Так прошло, наверное, полгода. А может, год. И вдруг — опять накатило.
Теперь я уже с самого начала знал, что пишу не что-нибудь, а именно рассказ. И даже что-то такое там «неясно различал» в его туманной дали. Но, как и в первый раз, не было у меня ни плана, ни даже более или менее внятного замысла. Закончив ежедневную порцию — какие-то сидящие внутри меня часы вдруг говорили мне, что на сегодня хватит, — я очень смутно представлял себе, куда меня поведет завтра.
Как и в тот раз, я вставал из-за стола, не опустошив себя до конца. Дно моего колодца никогда не оставалось сухим. Но я чувствовал, что влаги там уже мало. А назавтра колодец каким-то чудесным образом снова наполнялся, и ведро мое не шаркало по дну, а легко и свободно зачерпывало накопившуюся за ночь влагу.
Интересно тут было еще вот что.
Как я уже говорил, у меня в ту пору были очень определенные представления о том, какой должна быть настоящая проза. И раньше, на наших семинарских занятиях, я по мере сил старался эти свои представления реализовать.
Помню, однажды Константин Георгиевич дал нам задание: описать Москву. Не всю Москву, конечно, а — свою Москву. Какой-нибудь свой, особенно тобой любимый московский уголок. Или даже какой-нибудь один твой московский день.
Выполняя это задание, я лез вон из кожи, чтобы моя зарисовка была не хуже (хотелось даже, чтобы оказалась лучше), чем у моих друзей прозаиков. Заботился не только о том, чтобы нарисованная мною картинка была зримой, осязаемой, но думал еще и о звучании каждой фразы, стараясь определенным образом «инструментовать» ее.
Одну из этих старательно инструментованных фраз я помню даже и сейчас. Вот она:
Бесшумно шурша шинами, прошелестел по асфальту темно-вишневый «шевроле».
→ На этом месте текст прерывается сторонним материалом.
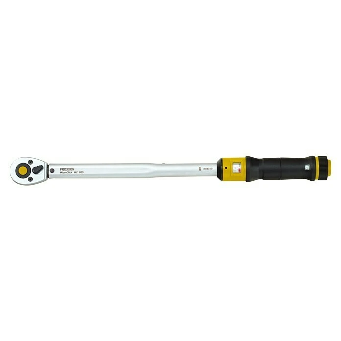 Der Proxxon Drehmomentschlüssel MicroClick MC 200 ist ein Präzisionswerkzeug mit hoher Genauigkeit (Toleranz nach ISO 6789 +/- 3%). Er besitzt einen 1/2″-Vierkantantrieb (12,5 mm). Außerdem ist er mit einem Ratschenmechanismus ausgestattet, der eine Umschaltung von Rechts- auf Linksgang ermöglicht. Dank der automatischen Kurzauslösung ist beim Erreichen des vorgewählten Drehmomentes ein Click-Signal deutlich hör- und spürbar. Der Aufsatz sitzt fest und löst sich auf Knopfdruck von selbst durch den praktischen Entriegelungsmechanismus. Der stabile und ovale Schaft ist aus Stahl und besitzt optimalen Rostschutz, da er 2x vernickelt und anschließend mattverchromt wurde. Der Drehmomentschlüssel wurde Stück für Stück kalibriert und endgeprüft. Außerdem ist er mit einer dauerhaft gelaserten Seriennummer zur Identifikation versehen. Die deutlich lesbare Analoganzeige dient der einfachen Drehmoment-Vorwahl. Der ergonomischer Griff bewirkt, dass man das Werkzeug automatisch mittig greift, was wichtig für exaktes Auslösen ist. Das Drehmoment kann durch Drehen des gerändelten Ringes simpel vorgewählt und an der Analoganzeige deutlich abgelesen werden. Die zusätzliche Mikro-Skala dient der Feinjustierung. Die Position wird dann durch Einschubring fixiert. Geliefert wird das Werkzeug im praktischen Kunststoffkoffer.

Увы, на эту мою замечательную фразу никто не обратил внимания. А Константин Георгиевич, после того как все наши зарисовки были нами прочитаны, говоря обо мне, почему-то отметил совсем другую фразу, которая мне казалась «проходной», самой что ни на есть заурядной. В ней я зачем-то — сейчас, хоть убей, не помню, зачем — сообщал, как, сидя на лавочке на Тверском бульваре, от нечего делать наступил ногой на лужу, затянутую тонким ледком, и долго, внимательно глядел, как мой след медленно заполняется водой.
Заглянув в свой блокнот, Константин Георгиевич прочел вслух эту мою ничем не примечательную фразу, улыбнулся и сказал: «А вот это — хорошо!» Словно все остальное в той моей зарисовке было из рук вон плохо.
Что было хорошего в этой моей почему-то понравившейся ему фразе, я тогда решительно не понимал. Но чем была плоха та, которой я так гордился, кажется, уже начал понимать.